Puzzle pieces. The structures of some of the most important phytoestrogens for humans have been identified. Source: Adlercreutz H. Phytoestrogens: epidemiology and a possible role in cancer protection. Environ Health Perspect Suppl, 103(7):103-112 (1995).
Isoflavones, which are abundant in legumes, have also been identified in human biological fluids. Within plant tissues, isoflavones exist as sugar derivatives called glycosides, and concentrations vary widely depending on stressors such as viral, bacterial, fungal, or herbivore attack.

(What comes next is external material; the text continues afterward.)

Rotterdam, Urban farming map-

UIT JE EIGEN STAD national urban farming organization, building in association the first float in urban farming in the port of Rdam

These compounds undergo hydrolysis in the human gut, yielding aglycones. Like the lignans, these aglycones meet one of three fates: they may be excreted or absorbed from the gut, or undergo further metabolism. The four most common isoflavones are formononetin, daidzein, genistein, and biochanin A. Biochanin A is metabolized to genistein. If it is not absorbed into the body, it may be further metabolized to p-ethylphenol, a hormonally-inert compound. Formononetin may be metabolized to daidzein, which is further metabolized mostly to equol, a more potent phytoestrogen, and to O-desmethylangolensin. Products of both lignan and isoflavone metabolism may be excreted or absorbed. If absorbed, the phytoestrogens undergo conjugation in the liver with glucuronic acid, or to a lesser extent, sulfate, and are excreted in the urine or in the bile. Some intestinal bacteria produce ß-glucuronidases, enzymes that can deconjugate phytoestrogen metabolites when they pass through the intestine, setting the stage for their recirculation through the body.

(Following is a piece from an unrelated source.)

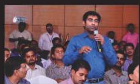
Delegates Interacting with Panelists.
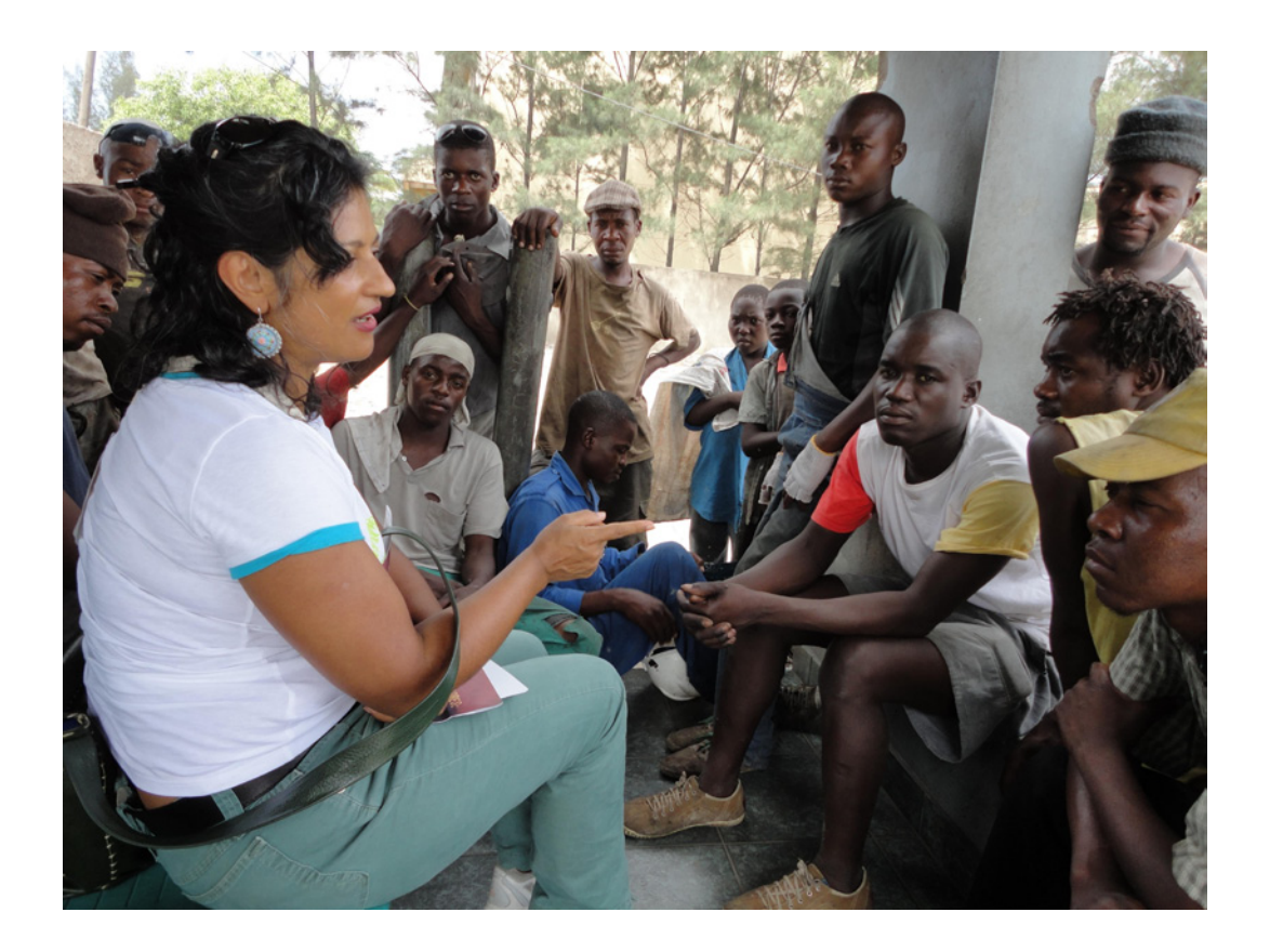
Focus group meeting with Hulene dump pickers

Nonsteroidal plant estrogens were first identified in the early 1930s, with the discovery that soybeans, willows, dates, and pomegranates contain compounds with structural similarity to estrogens. It was unknown whether these compounds could have biological activity in animals until a concurrent discovery was made in phytoestrogens' effects on Australian sheep. Female sheep were plagued by reproductive system lesions and sharp declines in fertility. Animal husbandry experts linked the problem to the sheep's grazing on Trifolium subterraneum, a species of clover. Researchers identified the clover compounds equol and coumestrol (another phytoestrogen) as being responsible for the sheep's reproductive problems. Once the etiology of clover disease had been established, scientists began to question whether these compounds also affected other species. Equol and other phytoestrogens such as enterolactone and enterodiol were discovered in human biological fluids in concentrations as much as 5,000 times greater than endogenous estrogens. The question then became whether these compounds presented a reproductive or other risk to humans or whether their presence might be in some way beneficial. "Unless you ask what is the quantitative risk [of phytoestrogens]," says Michael Bolger, a toxicologist at the FDA's Center for Food Safety and Applied Nutrition, "how can you integrate it with the benefits to get the full picture?"
Benefits
Scientists have begun to piece together the full picture of phytoestrogens by looking at populations who consume them the most. Asian populations consume a diet that is very rich in the phytoestrogens genistein and daidzein, which are found in soybeans and soy products. These phytoestrogens occur at levels of 50-300 milligrams per 100 grams in soy beans, and in lower levels in soy products such as miso, soy milk, and tofu.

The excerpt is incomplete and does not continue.